What this basically does is print all lines staring from line matching with regex2 until a line matching with regex1 is found.

Example:

 regex1
 regex2
 line 1
 line 2
 regex1
 regex2
 regex1

Output:

 regex2
 line 1
 line 2
 regex2

Is it possible to simulate this using a perl one-liner? I know I can do it with a script saved in a file.

Edit:

A practical example:

24 May 2017 17:00:06,827 [INFO] 123456 (Blah : Blah1) Service-name:: Single line content

24 May 2017 17:00:06,828 [INFO] 567890 (Blah : Blah1) Service-name:: Content( May span multiple lines)
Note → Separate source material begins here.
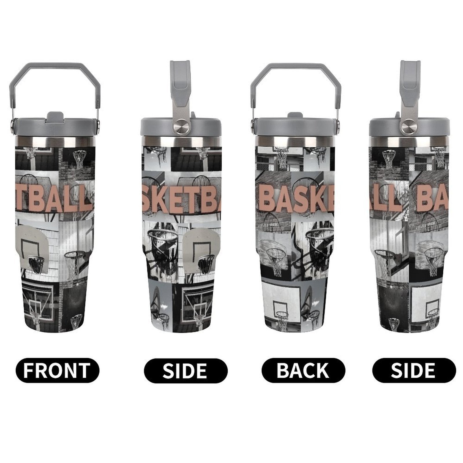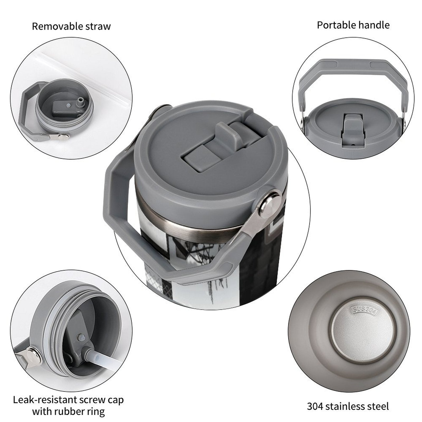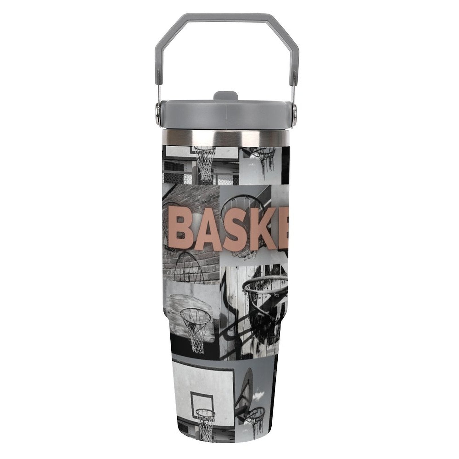 • Made of premium stainless steel, durable and non-toxic. • Flip straw lid design, convenient to open and close. • Features a top handle, makes it easy to carry. • Double wall insulation keeps drink warm or cold. • Capacity: 30 Oz, large capacity, suitable for a variety of occasions. • Hand wash ONLY with soapy hot water.

24 May 2017 17:00:06,829 [INFO] 123456 (Blah : Blah2) Service-name: Multiple line content. Printing Object[ ID1=fac-adasd ID2=123231
ID3=123108 Status=Unknown
Code=530007 Dest=CA
]

24 May 2017 17:00:06,830 [INFO] 123456 (Blah : Blah1) Service-name:: Single line content

24 May 2017 17:00:06,831 [INFO] 567890 (Blah : Blah2) Service-name:: Content( May span multiple lines)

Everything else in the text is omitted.